How AI is being used by accountants
Accountants are using AI across a wide range of accounting workflows, from administrative tasks to higher-level financial analysis. However, the most common use cases tend to be those that involve processing large amounts of information quickly.
Data entry topped the list, with 51% of respondents reporting that they use AI for categorization tasks.

Research (46%), financial data analytics and forecasting (44%), report generation (41%), and bank recs (36%) were the next most common applications.
These tools are producing meaningful time savings for most of our survey respondents, 42% of whom estimated that AI saves them between one and five hours per week, while another 25% said it saves between six and 10 hours.
The impact is even more significant for some users. Nearly one in five respondents (18%) reported saving more than 11 hours per week through AI adoption. Only 15% said AI currently saves them less than one hour per week or no time at all.
How do accountants feel about AI in 2026?
Despite the discourse around AI and job displacement, many accounting professionals have a positive view of AI. Roughly half of our respondents (47%) described themselves as excited about AI's role in the profession, and another 31% said they felt optimistic.
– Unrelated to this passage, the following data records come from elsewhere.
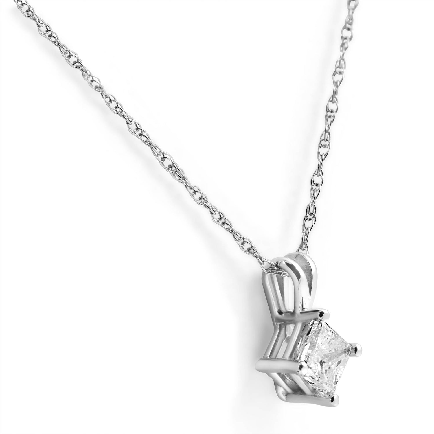 Handcrafted in solid 14k white gold with a princess-cut diamond totaling approximately 1/3 ct. Diamond color J-K. Includes 18' chain.
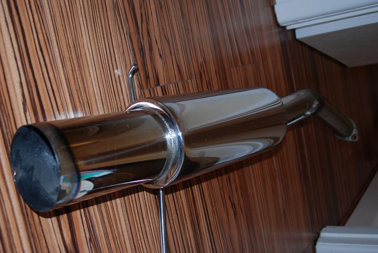Rura na zgieciu zostala delikatnie nagieta,ktore mozna zobaczyc na zdieciu,malo uzywany.Srednica 2.5 cala koncowa boxa 4.5 cala.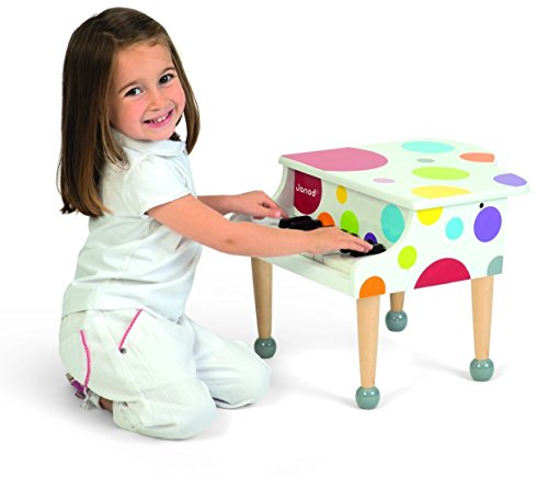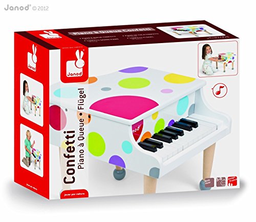 Janod Grand Piano is great fun for your budding musician. Brightly colored confetti polka dots adorn this beautifully crafted wooden toy piano that makes lovely music when you play it. It's a great addition to any room in the house. Recommended for children aged 3-8 years old.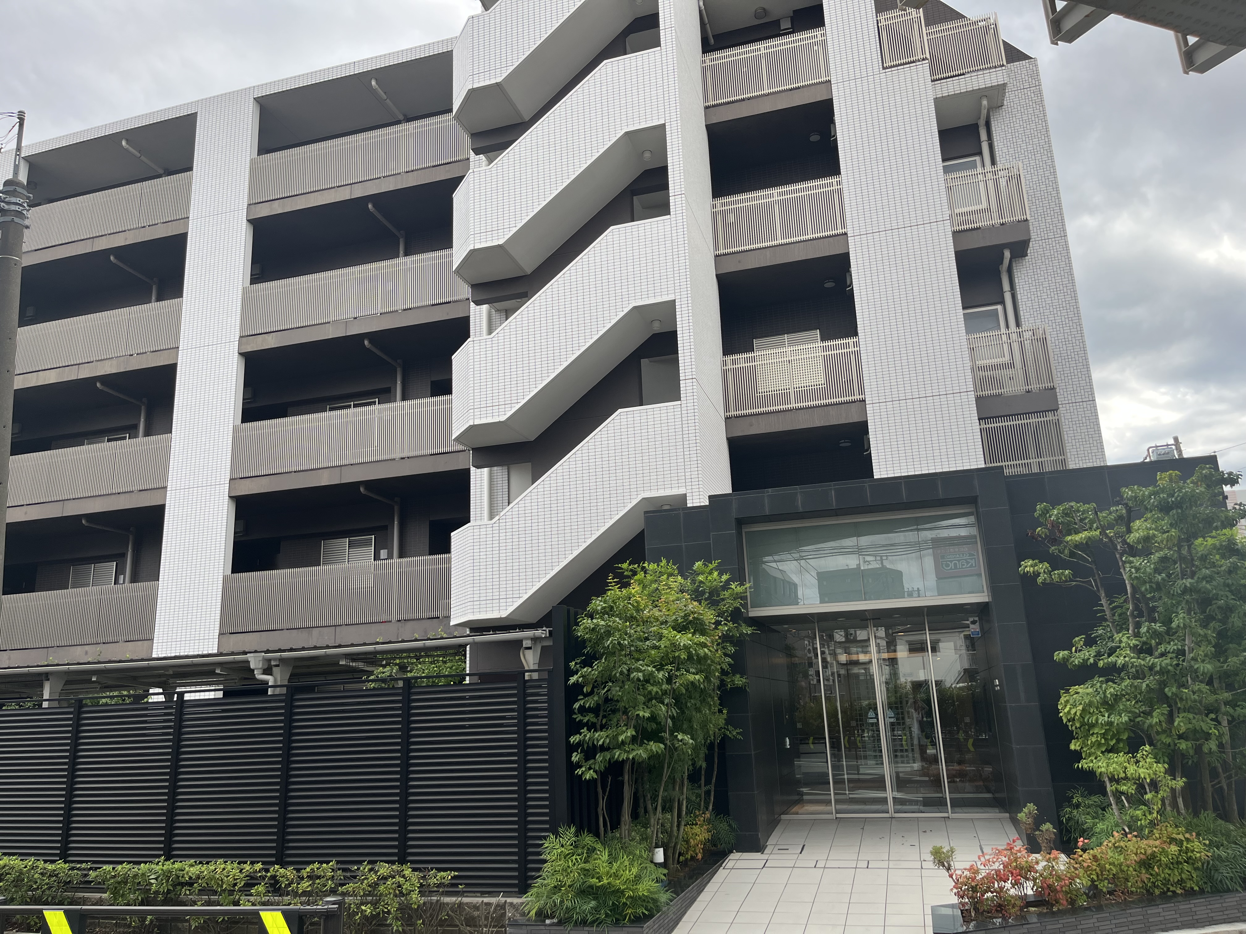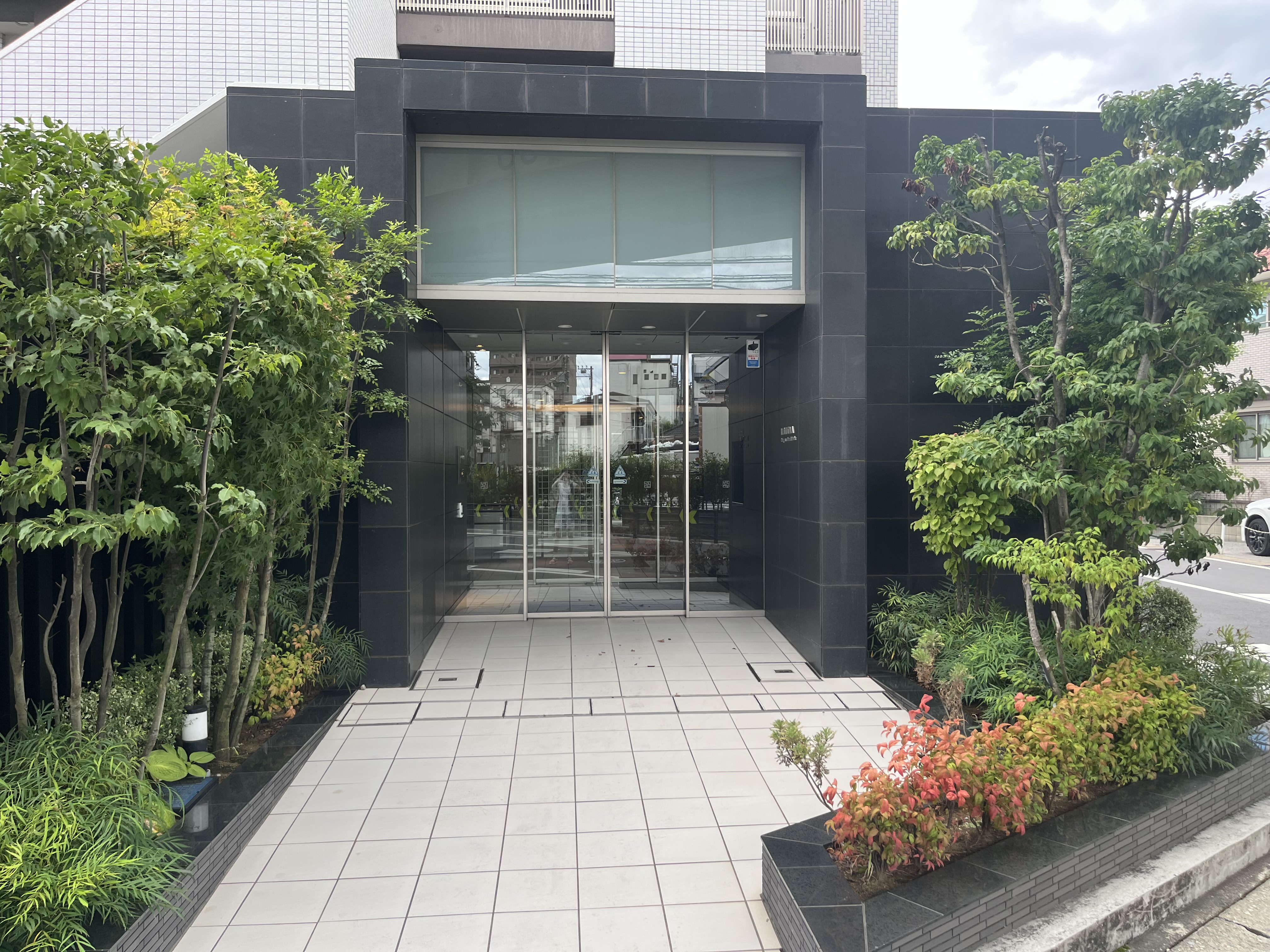 マンションは2015年築の鉄筋コンクリート造6階建て。全戸南向きで、陽当たりと開放感に優れた設計が魅力です。外観はタイル貼りで高級感があり、エントランスには植栽が美しく配され、上品な雰囲気を演出しています。

Meanwhile, relatively few respondents expressed negative sentiment. Only 9% said they were concerned about AI, and just 1% described themselves as threatened by it.
That said, enthusiasm doesn't always translate to easy adoption. Accuracy and reliability concerns were the most commonly reported barrier to AI use (23%).

Lack of training (20%) followed closely behind, which aligns with our other finding that only 61% of accounting employers have provided any AI training.
The future of AI in accounting
Accounting firms and finance professionals generally expect AI to play a larger role in their work over the next few years. Half of respondents believe their AI use will increase significantly, while 34% foresee it increasing somewhat.
Most respondents view AI primarily as an efficiency driver, with nearly two-thirds (64%) expecting AI to eliminate routine tasks. Another 41% believe their work will shift toward more advisory and strategic services, and 32% expect it to reduce headcount needs.

Many accounting professionals plan to use the extra capacity freed through automation to take on extra clients, including 59% of survey respondents. Another 49% expect to put the additional hours toward strategic planning, and 42% toward reducing burnout.
These expectations are already shaping investment decisions. When asked about their biggest priority for the coming year, 33% of respondents said AI tools, coming in ahead of accounting talent acquisition (24%) and expanding advisory services (19%).